The Football Captain's Conversion

 •  4 min. read  •  grade level: 5
 
The triumphant roar of the thousands who followed the fortunes of the football club of which he was captain was like music to George, for he lived for the game. He was a very popular fellow too; "a good sport," his friends called him, as well as a skillful player. He was a good singer, was always ready with a witty story, and could be relied upon to help a man who was down upon his luck. That sort always have a flock of friends.

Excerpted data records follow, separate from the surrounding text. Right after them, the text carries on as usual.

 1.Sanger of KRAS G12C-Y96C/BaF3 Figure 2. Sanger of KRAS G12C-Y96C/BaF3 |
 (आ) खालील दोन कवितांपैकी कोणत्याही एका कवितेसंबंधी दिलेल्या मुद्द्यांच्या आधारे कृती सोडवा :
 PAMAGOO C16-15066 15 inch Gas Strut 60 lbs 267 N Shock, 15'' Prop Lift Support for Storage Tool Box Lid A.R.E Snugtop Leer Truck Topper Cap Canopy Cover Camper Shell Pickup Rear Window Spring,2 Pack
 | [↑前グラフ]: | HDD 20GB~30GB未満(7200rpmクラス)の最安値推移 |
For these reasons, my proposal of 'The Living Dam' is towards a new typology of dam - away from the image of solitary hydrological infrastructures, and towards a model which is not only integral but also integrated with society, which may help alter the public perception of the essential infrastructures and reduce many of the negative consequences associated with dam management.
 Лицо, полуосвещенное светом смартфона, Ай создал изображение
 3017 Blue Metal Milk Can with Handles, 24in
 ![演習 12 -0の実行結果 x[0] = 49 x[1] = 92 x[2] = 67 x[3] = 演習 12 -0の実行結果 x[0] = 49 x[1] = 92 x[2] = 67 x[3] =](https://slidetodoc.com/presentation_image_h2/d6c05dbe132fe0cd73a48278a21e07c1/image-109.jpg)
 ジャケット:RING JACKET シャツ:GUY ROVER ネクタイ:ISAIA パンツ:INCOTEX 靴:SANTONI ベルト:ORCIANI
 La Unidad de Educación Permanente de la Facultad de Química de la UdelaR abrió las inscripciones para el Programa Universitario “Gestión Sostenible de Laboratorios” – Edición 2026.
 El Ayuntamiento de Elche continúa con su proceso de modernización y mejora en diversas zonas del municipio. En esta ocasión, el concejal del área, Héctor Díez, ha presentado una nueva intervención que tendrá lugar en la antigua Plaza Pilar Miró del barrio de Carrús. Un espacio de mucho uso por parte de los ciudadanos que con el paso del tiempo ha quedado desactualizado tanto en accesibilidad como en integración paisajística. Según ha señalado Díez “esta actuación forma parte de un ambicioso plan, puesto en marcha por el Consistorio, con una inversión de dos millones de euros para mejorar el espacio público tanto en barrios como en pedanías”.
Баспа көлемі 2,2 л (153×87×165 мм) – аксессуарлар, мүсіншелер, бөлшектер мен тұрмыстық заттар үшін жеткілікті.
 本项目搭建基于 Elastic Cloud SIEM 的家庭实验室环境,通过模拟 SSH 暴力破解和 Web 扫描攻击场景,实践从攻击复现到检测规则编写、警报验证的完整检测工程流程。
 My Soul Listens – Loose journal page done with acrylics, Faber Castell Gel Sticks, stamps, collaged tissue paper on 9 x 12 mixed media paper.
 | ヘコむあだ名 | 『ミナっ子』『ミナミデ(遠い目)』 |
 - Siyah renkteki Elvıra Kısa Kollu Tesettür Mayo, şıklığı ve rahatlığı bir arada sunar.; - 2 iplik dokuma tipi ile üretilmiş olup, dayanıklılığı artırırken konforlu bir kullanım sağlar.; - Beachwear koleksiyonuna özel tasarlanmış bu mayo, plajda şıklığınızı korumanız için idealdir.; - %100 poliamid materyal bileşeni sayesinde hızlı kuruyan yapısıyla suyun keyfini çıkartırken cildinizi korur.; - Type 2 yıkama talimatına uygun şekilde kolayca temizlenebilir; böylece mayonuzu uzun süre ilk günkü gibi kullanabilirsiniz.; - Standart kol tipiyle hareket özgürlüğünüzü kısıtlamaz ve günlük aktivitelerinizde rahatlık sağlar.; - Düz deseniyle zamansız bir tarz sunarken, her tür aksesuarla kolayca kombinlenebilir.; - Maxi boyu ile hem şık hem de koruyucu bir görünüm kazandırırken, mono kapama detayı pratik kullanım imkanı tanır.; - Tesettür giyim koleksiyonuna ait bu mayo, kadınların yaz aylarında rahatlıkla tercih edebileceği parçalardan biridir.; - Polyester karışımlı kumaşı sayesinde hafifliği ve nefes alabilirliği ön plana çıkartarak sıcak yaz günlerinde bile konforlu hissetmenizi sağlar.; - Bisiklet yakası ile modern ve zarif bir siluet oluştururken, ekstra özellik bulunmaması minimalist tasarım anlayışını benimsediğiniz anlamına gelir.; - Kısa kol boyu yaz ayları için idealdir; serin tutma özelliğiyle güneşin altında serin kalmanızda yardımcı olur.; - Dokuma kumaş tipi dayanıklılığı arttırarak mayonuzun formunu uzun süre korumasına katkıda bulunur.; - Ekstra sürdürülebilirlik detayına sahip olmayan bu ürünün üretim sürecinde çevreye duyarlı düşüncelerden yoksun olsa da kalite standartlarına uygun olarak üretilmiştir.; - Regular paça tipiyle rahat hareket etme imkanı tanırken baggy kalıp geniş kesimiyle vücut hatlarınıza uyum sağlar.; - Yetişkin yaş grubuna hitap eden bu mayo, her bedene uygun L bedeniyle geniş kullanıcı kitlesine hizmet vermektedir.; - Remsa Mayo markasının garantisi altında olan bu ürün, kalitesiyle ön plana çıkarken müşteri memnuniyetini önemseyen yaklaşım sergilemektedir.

But somehow George began to lose his interest in sports, and his jollity settled down into that forced kind that lacks sparkle. The cause was this: his wife had been converted, and George gradually got upset about it. She was so different from him now. He knew that she was right, and he was wrong. She prayed to God; he didn't. She read the Bible; he didn't. She loved the Lord Jesus Christ and owned Him as her Savior. It made him angry to hear the name of Jesus. Yes, there was a great difference between them, and he felt it. In fact, he began to realize that he was a sinful man, though he confessed this to nobody, least of all to his wife.
She often asked him to go to hear the gospel. He as often refused. But one Sunday when she was more persistent than usual, as wives can be sometimes, he said, "All right. I'll go with you today, if you'll let me alone in the future. However, this is the condition: that you go with me to the tavern first, and wait until I go in and get some beer." He did not believe that she would accept the condition; but she did, to his surprise.
He left her outside, for he had too much respect for his wife to allow her to go inside his favorite drinking place. In fact, he felt like a cad for having brought her so near it. He ordered his drink, and raised the foaming glass to his lips, but put it down again without even tasting it. That was a queer thing for him to do― a most unusual thing― and at that moment he could not have given a reason for doing it. Again he took it up, and a second time put it down untasted. A third time he raised it, determined this time to finish it; but a third time down came that glass of beer on the counter; and though he had paid for it, he left it there untasted, and turned on his heel and joined his wife outside. He said afterward that the thought that his wife was praying for him outside made him feel that if he had drunk that beer it would have choked him.
They said nothing to each other, and reached the place of the preaching some time before the time for the service to begin. He took up a Bible and began to turn its pages. Suddenly his attention was arrested by some words that seemed to stand out upon the page as though they were embossed, words that seemed entirely for him. Eagerly he read them, over and over again. Everything began to seem different as their meaning dawned upon him. His misery passed away, that misery that had been eating out his life for weeks, and he turned to his wife and said, "I'M A SAVED MAN." Yes, even before the service began that night, sitting by the wife who loved him and prayed for him, through the application of one solitary verse of Scripture to his soul, he was able to say, "I'm a saved man.”
The verse that did the work was this, "VERILY, VERILY, I SAY UNTO YOU, HE THAT HEARETH MY WORD, AND BELIEVETH ON HIM THAT SENT ME, HATH EVERLASTING LIFE, AND SHALL NOT COME INTO CONDEMNATION; BUT IS PASSED FROM DEATH UNTO LIFE." John 5:2424Verily, verily, I say unto you, He that heareth my word, and believeth on him that sent me, hath everlasting life, and shall not come into condemnation; but is passed from death unto life. (John 5:24).
Wonderful words! Just how they appealed to the captain of the town's football club I cannot say, but I know that they revolutionized his life. They made him a happy man who could rejoice in Jesus the Savior who spoke them. They made him boldly preach that same Savior at the street corners of his native town.
Friend, believe those wonderful words of life. They were spoken by the Savior who died. Christ died for the ungodly, for sinners like George, for you, and for me. Yes, for you, that you might be able to say, "I'm a saved man." As surely as you accept the One of whom those words speak, you too will have "passed from death unto life.”